On October 17, 1933, Quezon and others triumphed in this battle as the Philippine
legislature rejected the bill. Quezon eventually brought in from the United States the
Tydings-McDuffie Act (Public Law 73-127) authored by Sen. Millard Tydings and Rep.
John McDuffie, a slightly amended version of the Hare-Hawes-Cutting bill signed by
President Franklin Roosevelt on March 24, 1934. The bill set July 4 after the tenth year
of the commonwealth as date of Philippine independence. This was accepted by the
Philippine Legislature on May 1, 1934.
The organization of constitutional Convention that would draw up the fundamental
law of the land based on the American model was one of the salient provisions of the
Tydings-McDuffie Act. Delegates to the convention were subsequently elected in 1934.
In the first meeting held on July 30 at the session of the House of Representatives,
Claro M. Recto was unanimously elected as its President.

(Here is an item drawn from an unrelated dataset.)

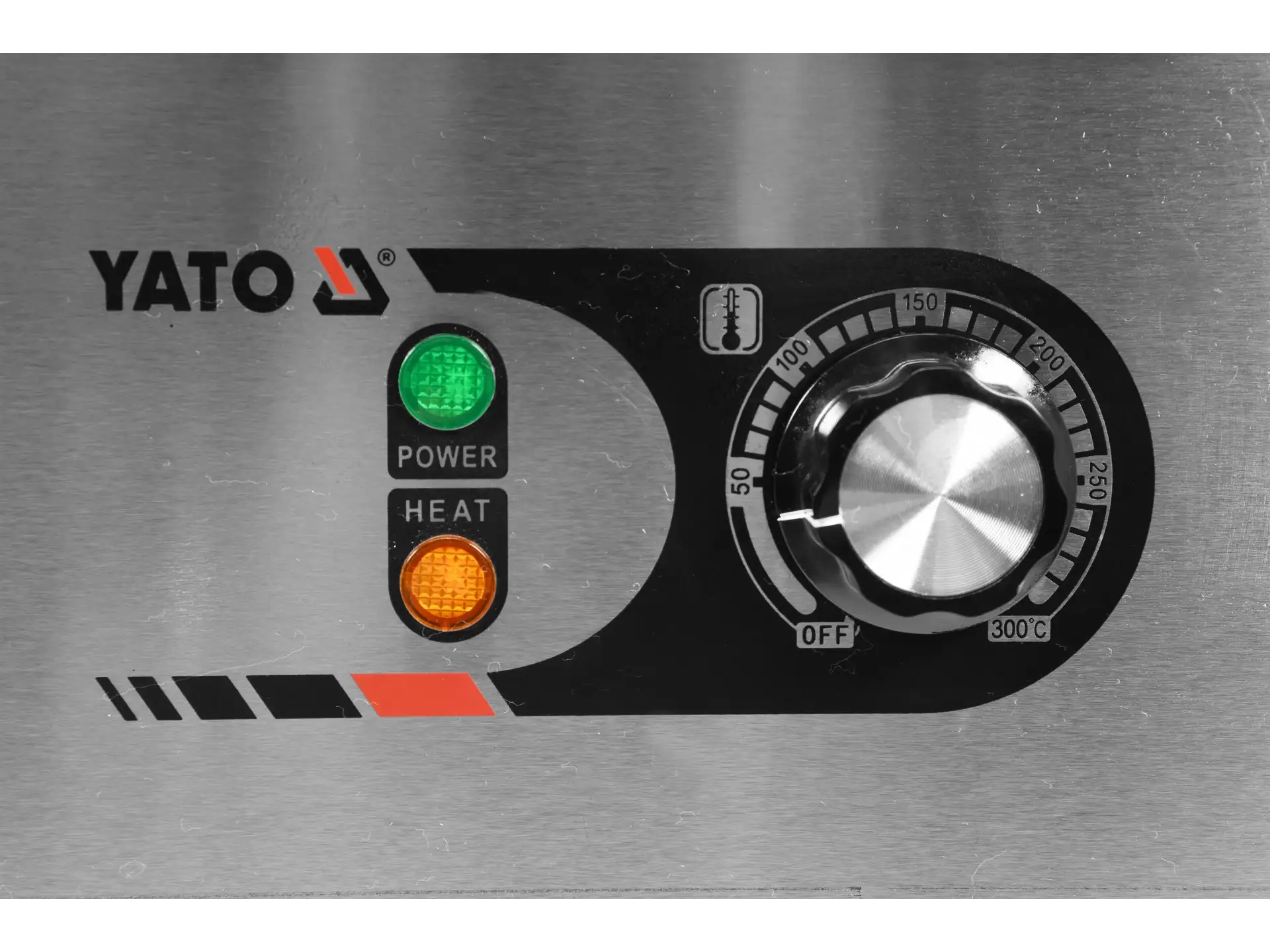 The YATO 55 cm electric grill is a professional solution for commercial kitchens and restaurants, ideal for fast and even cooking. Made of stainless steel, it offers enhanced corrosion resistance and is easy to clean. It operates at 220-240V a.c. with a power of 3000W, allowing temperature adjustment between 50 and 300°C.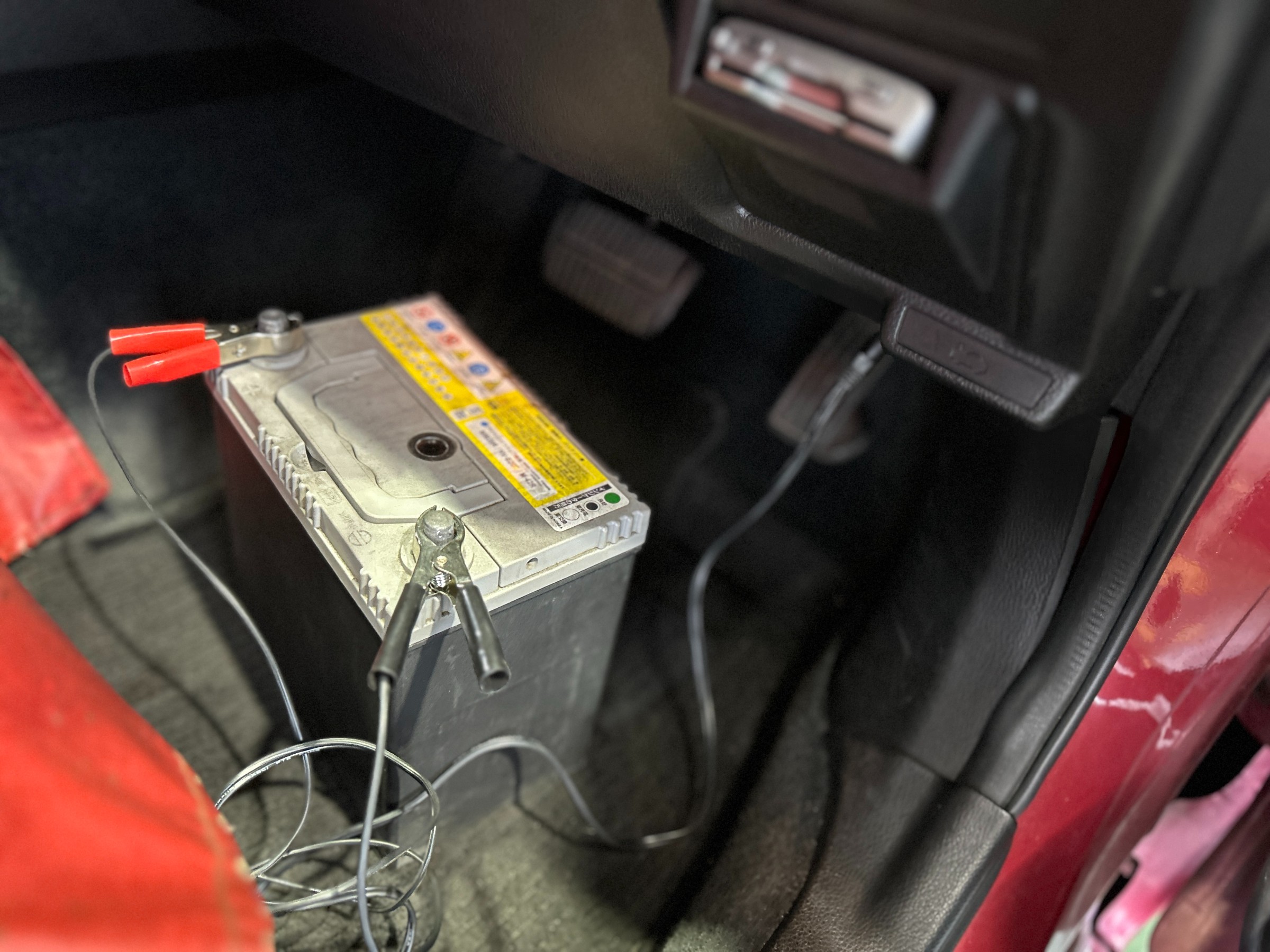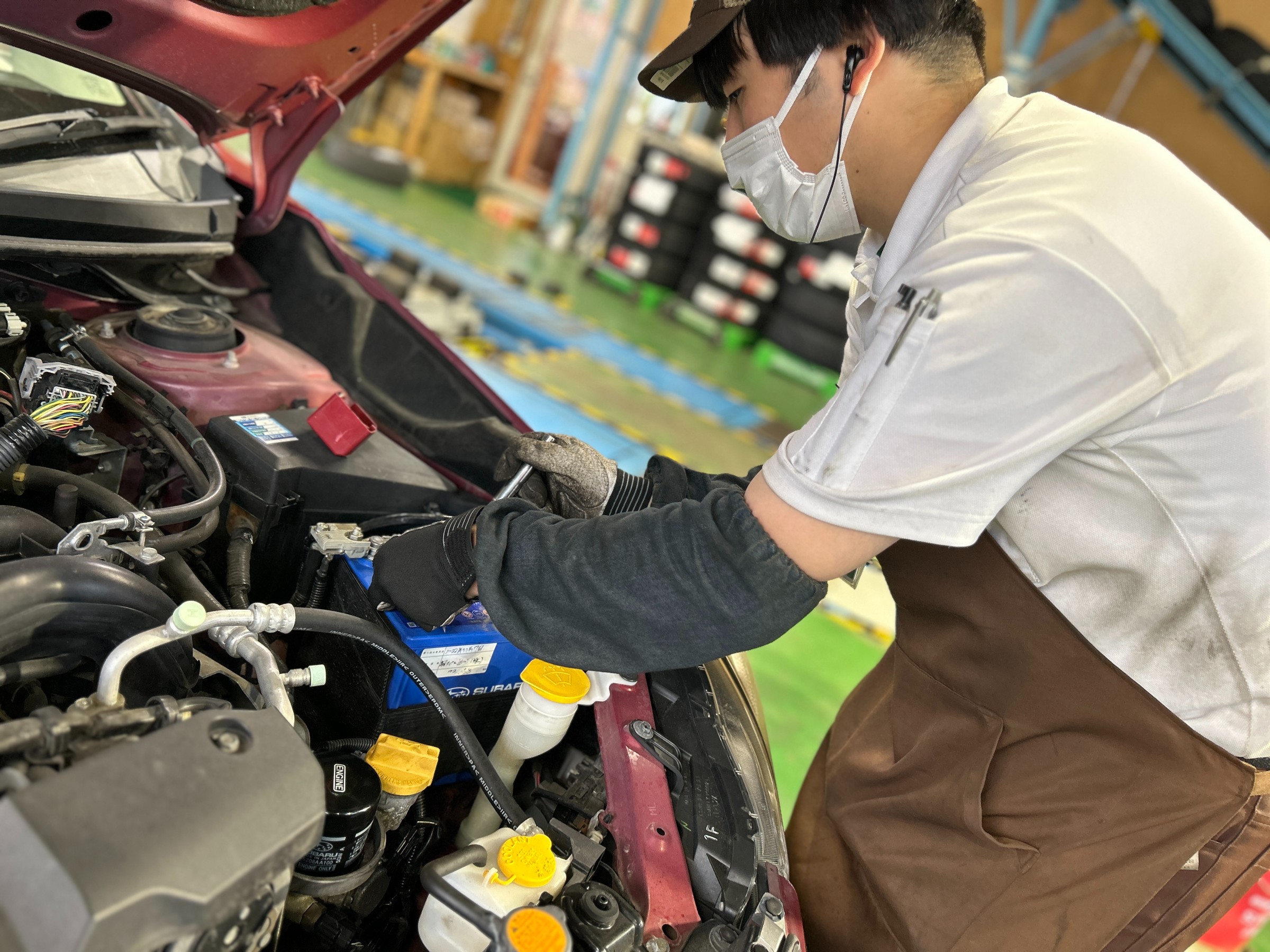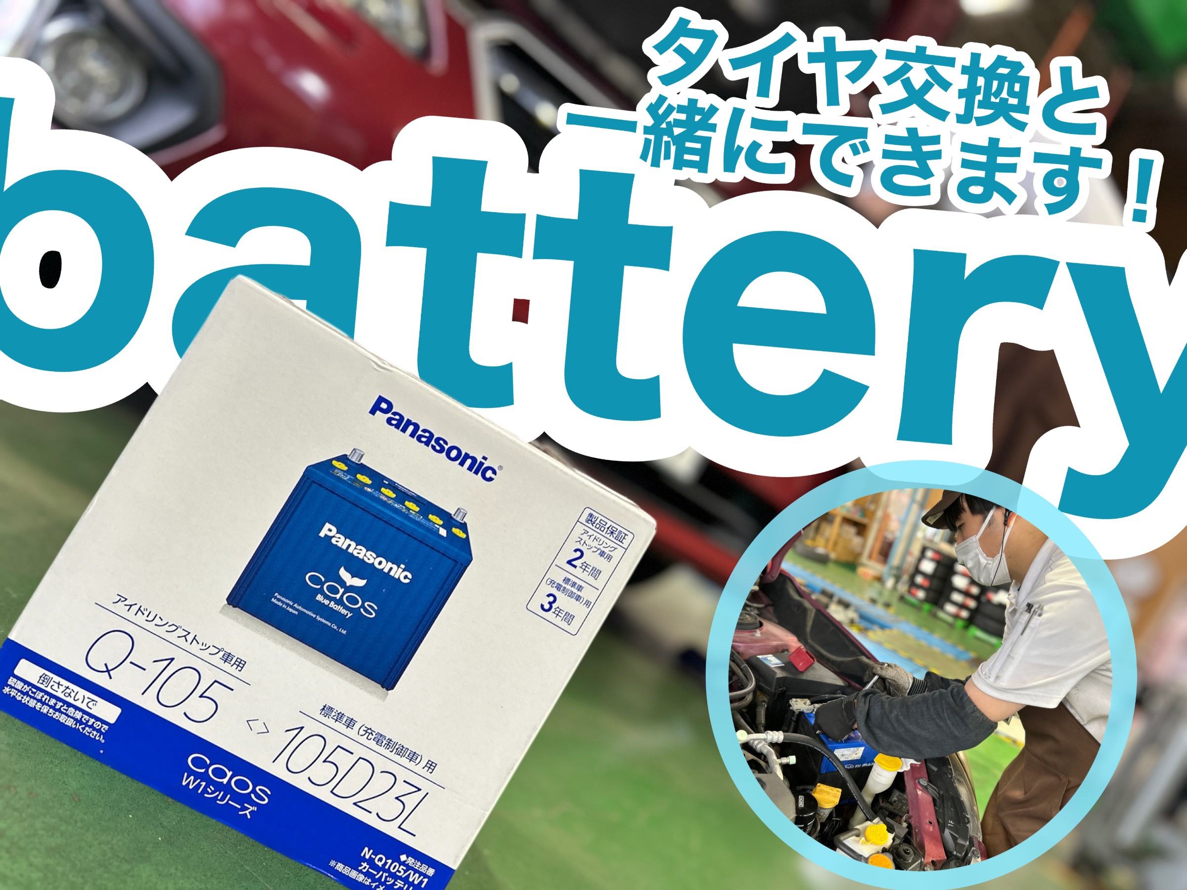 タイヤ交換時の安全点検でバッテリーを点検し、

Salient features of the 1935 Constitution include the following: a bicameral

legislature composed of a senate and House of Representatives. The President is to be
elected to a four-year term together with the Vice-President without re-election; rights of
suffrage by male citizens of the Philippines who are twenty-one years of age or over
and are able to read and write; extension of the right of suffrage to women within two
years after the adoption of the constitution.

The draft of the constitution was approved by the convention on February 8, 1935
and ratified by Pres. Roosevelt in Washington D.C on March 25, 1935. Elections were
held in September 1935, Manuel L. Quezon was elected as the president of the
Commonwealth. The 1935 Constitution provided the legal basis of the Commonwealth
Government which was considered a transition government before the granting of the
Philippine independence with American-inspired constitution; the Philippine government
would eventually pattern its government system after American government. It has been
said that the 1935 Constitution was the best-written Philippine charter ever.